## Work request
Every line from the one holding "3-Cal Liquid Lime" through the last line of the records must be retyped exactly, and no other line or picture may appear in the copy.

═══ Provided data

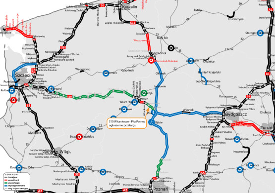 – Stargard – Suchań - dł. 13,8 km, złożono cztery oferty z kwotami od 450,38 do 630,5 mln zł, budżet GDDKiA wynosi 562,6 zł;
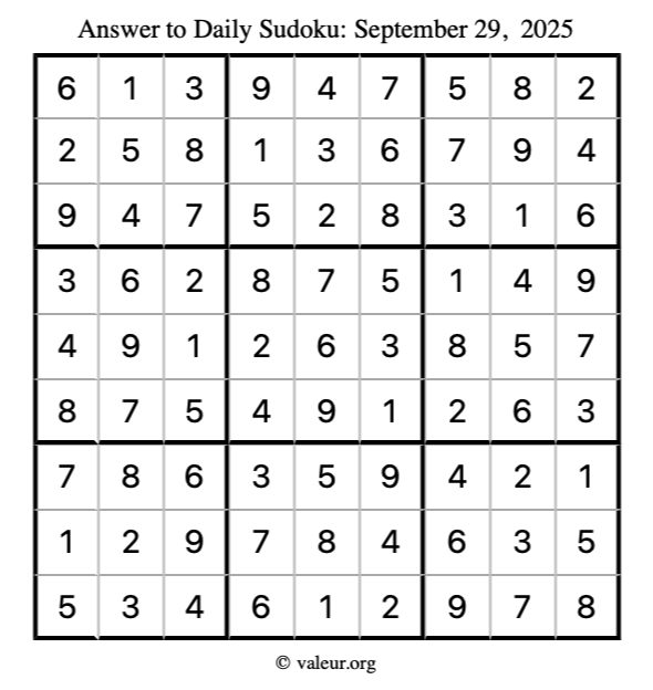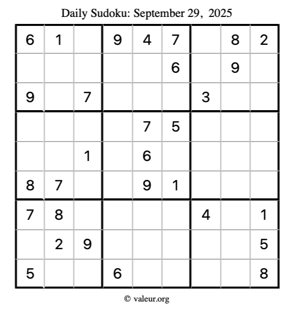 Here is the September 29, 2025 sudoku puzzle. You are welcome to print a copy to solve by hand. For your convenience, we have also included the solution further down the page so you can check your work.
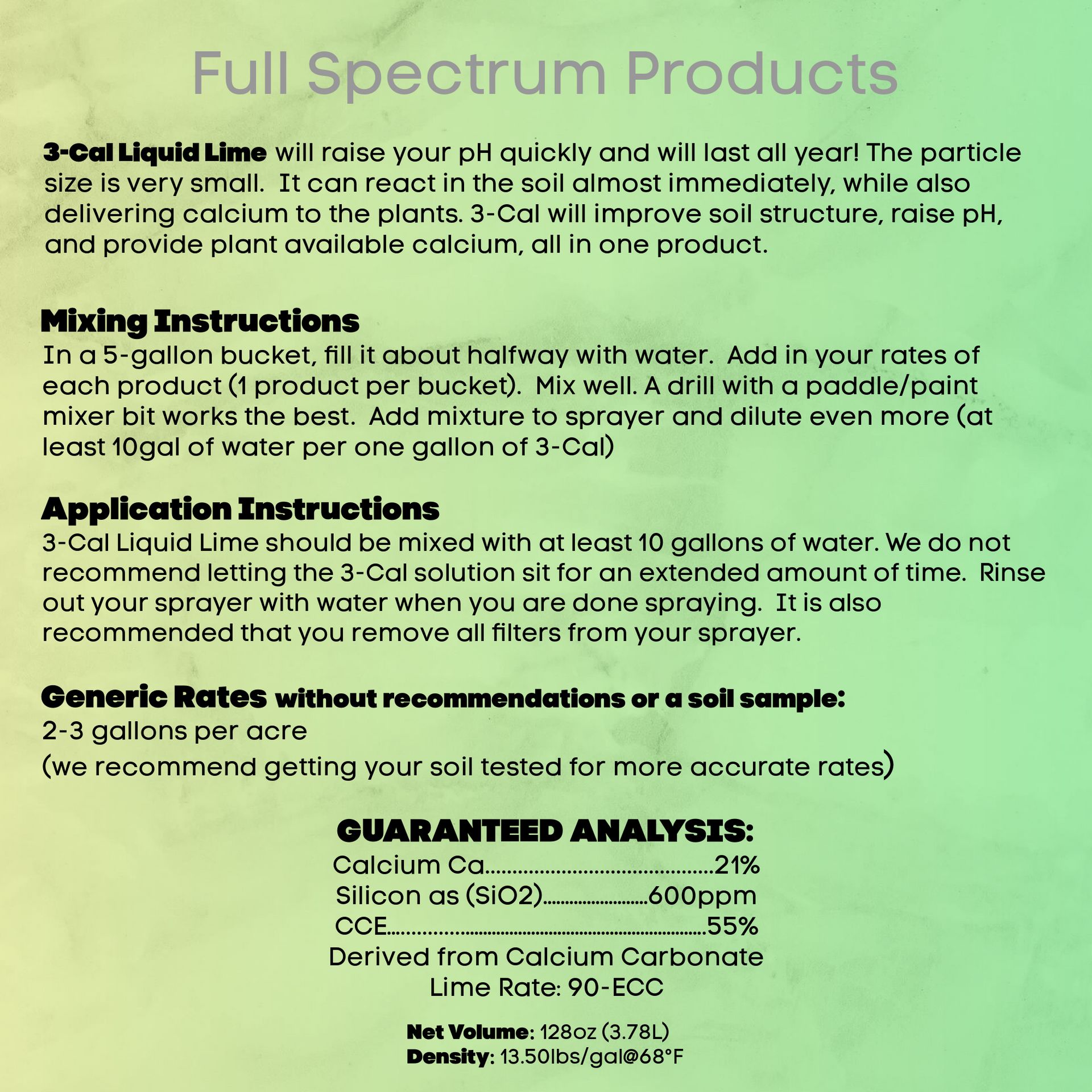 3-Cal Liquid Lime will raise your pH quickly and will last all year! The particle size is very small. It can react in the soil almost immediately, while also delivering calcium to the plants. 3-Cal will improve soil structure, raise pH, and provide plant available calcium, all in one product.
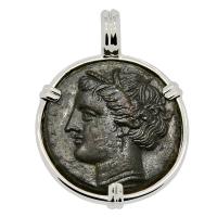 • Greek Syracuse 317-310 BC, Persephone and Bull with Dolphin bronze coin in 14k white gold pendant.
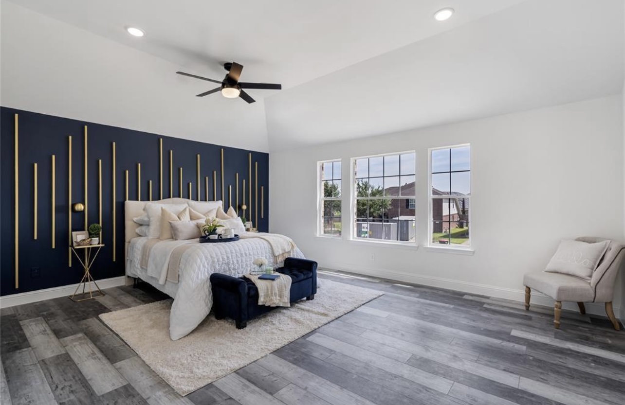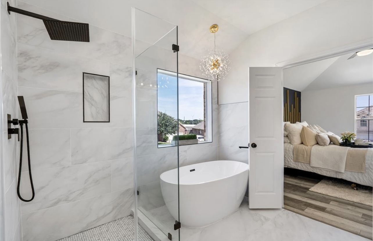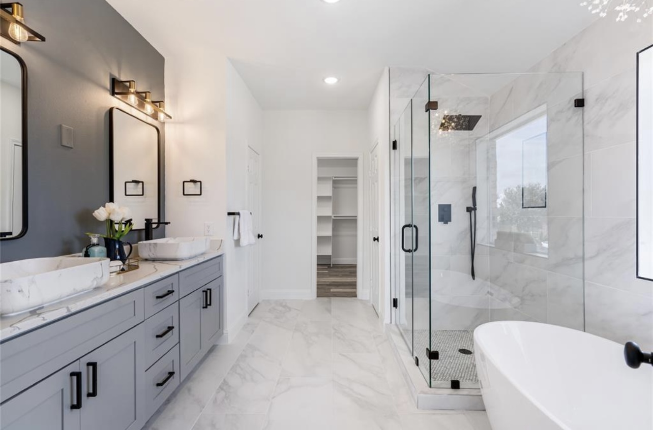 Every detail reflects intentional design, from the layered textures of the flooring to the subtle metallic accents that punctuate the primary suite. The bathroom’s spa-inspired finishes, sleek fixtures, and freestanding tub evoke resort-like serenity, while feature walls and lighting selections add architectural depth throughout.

══════

## Response area
 3-Cal Liquid Lime will raise your pH quickly and will last all year! The particle size is very small. It can react in the soil almost immediately, while also delivering calcium to the plants. 3-Cal will improve soil structure, raise pH, and provide plant available calcium, all in one product.
 • Greek Syracuse 317-310 BC, Persephone and Bull with Dolphin bronze coin in 14k white gold pendant.
 Every detail reflects intentional design, from the layered textures of the flooring to the subtle metallic accents that punctuate the primary suite. The bathroom’s spa-inspired finishes, sleek fixtures, and freestanding tub evoke resort-like serenity, while feature walls and lighting selections add architectural depth throughout.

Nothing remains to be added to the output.